# Fuel injection? Sanity check



## 73Jim (Jul 17, 2021)

Hi all, 
I'm looking to replace my Edelbrock carburetor with a fuel injection setup. I think I'm down to the Holley Sniper 550 or the Edelbrock Pro Flo 4 and I would appreciate a sanity check. What I have accumulated so far:

Where they are similar

Both require 58 PSI fuel (fuel upgrades are common to both, thus eliminated from this discussion)
Both have one wideband o2 for closed loop operation
Both have dedicated forums for support
Both self learn (after time/temperature)
Holley 4 X 100lb/hr injectors. Edelbrock 8 X 35lb/hr injectors
Both can support boost (Holly 21PSI, Edelbrock 15PSI) for future power adder
Holley advantages

Can reuse my distributor/manifold (have to lock out advance)
Can data log to SD card (an engineer by trader so I LOVE data)
Can run deadhead fuel system (if I want to...)
Cost (Holley 1330/ Edelbrock 2165)
Edelbrock advantages

Multiport fuel injection (easier to upgrade for future power adders)
Can remove my MSD 6AL, cleaner engine bay
Included tablet or Android App. 
Can data log by CAN bus streaming (don't know if the tablet can log or need the laptop)
The car is a 71 Lemans with a 462, XE274 flat tappet cam, 9.5:1 compression with 6X-4 heads (94cc), 5 speed manual with a 3.42 rear axle ratio. I'm an electrical engineer so I understand closed loop systems (PID loops), fuel maps/AF ratios/injector PWM and did I mention I LOVE data?

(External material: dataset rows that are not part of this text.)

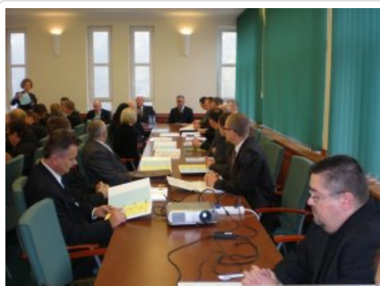
Inauguracja studiów 01

Inaugurację roku zakończyło uroczyste wręczenie indeksów studentom obu kierunków studiów.
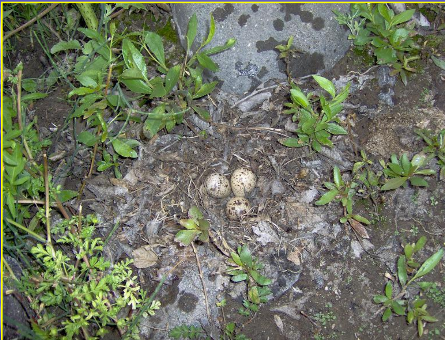
Рис. 8 Гнездо чибиса
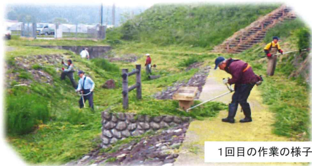
1回目の作業の様子

Is the Edelbrock worth the 61% bump in price? I guess I could sell some of the take off parts to offset some of the cost...


----------



## GTO44 (Apr 11, 2016)

Those are both good systems. I prefer the Holley Sniper. It works great and retains the carb look with the air cleaner on. I also vastly prefer holley’s software vs anything else on the market. The pro flow has a specific look and thats usually why people get that system. Multi port fuel injection is a benefit over the sniper.

A couple notes.
The Sniper is 650hp capable for N/A or nitrous setups. To get the boost capability you either have to get the Super Sniper 650 (only $200 more) or the Super Sniper 1250 for big power. The Super Sniper 650 also gives you more inputs and outputs. You can add fuel pressure, trans temp, oil temp, dome pressure, ect. and data log it all.
You mentioned one of the benefits of the proflow is no more cdi ignition box. The sniper can also be run without a cdi box. They come with a “coil driver” for use with ignition control and no cdi box. Its very small and can go under the dash or hidden where ever.

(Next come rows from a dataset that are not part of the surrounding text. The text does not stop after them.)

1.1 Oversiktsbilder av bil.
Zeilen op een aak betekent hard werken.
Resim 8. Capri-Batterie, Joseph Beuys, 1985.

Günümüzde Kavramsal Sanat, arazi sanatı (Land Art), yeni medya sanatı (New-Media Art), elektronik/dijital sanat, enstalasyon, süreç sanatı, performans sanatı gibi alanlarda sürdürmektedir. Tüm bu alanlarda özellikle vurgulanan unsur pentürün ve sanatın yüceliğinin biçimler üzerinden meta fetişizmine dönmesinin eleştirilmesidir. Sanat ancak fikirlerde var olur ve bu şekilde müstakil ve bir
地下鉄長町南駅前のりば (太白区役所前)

I also prefer holley support and forums over the edelbrock.

Both systems are fantastic. Both will run your engine and setup much better than a carb. If you’ve never used either than you wont be partial to one software or another. I say get the one that fits the look your going for or the one that fits your budget.


----------



## 73Jim (Jul 17, 2021)

Yep, my bad, I was referencing the Super Sniper 650. Part #550-519

One thing I've noticed, none of these systems have knock sensors. There are water passages on the heads to insert knock sensors. Not ideal better than nothing. Anyone retrofit knock sensors?


----------



## Totimeout (Aug 5, 2021)

73Jim said:


> Yep, my bad, I was referencing the Super Sniper 650. Part #550-519
> 
> One thing I've noticed, none of these systems have knock sensors. There are water passages on the heads to insert knock sensors. Not ideal better than nothing. Anyone retrofit knock sensors?


The factory sets up the knock sensor on each engine from the vibrations the engine makes. Adds all the vibrations up, calls that zero and the knock sensor measures from there . You can't just stick a knock sensor in.


----------



## 73Jim (Jul 17, 2021)

It's just an offset. I can log data to get a baseline. Check my plugs and anything else to verify the absence of knocking, then use that baseline as a reference. 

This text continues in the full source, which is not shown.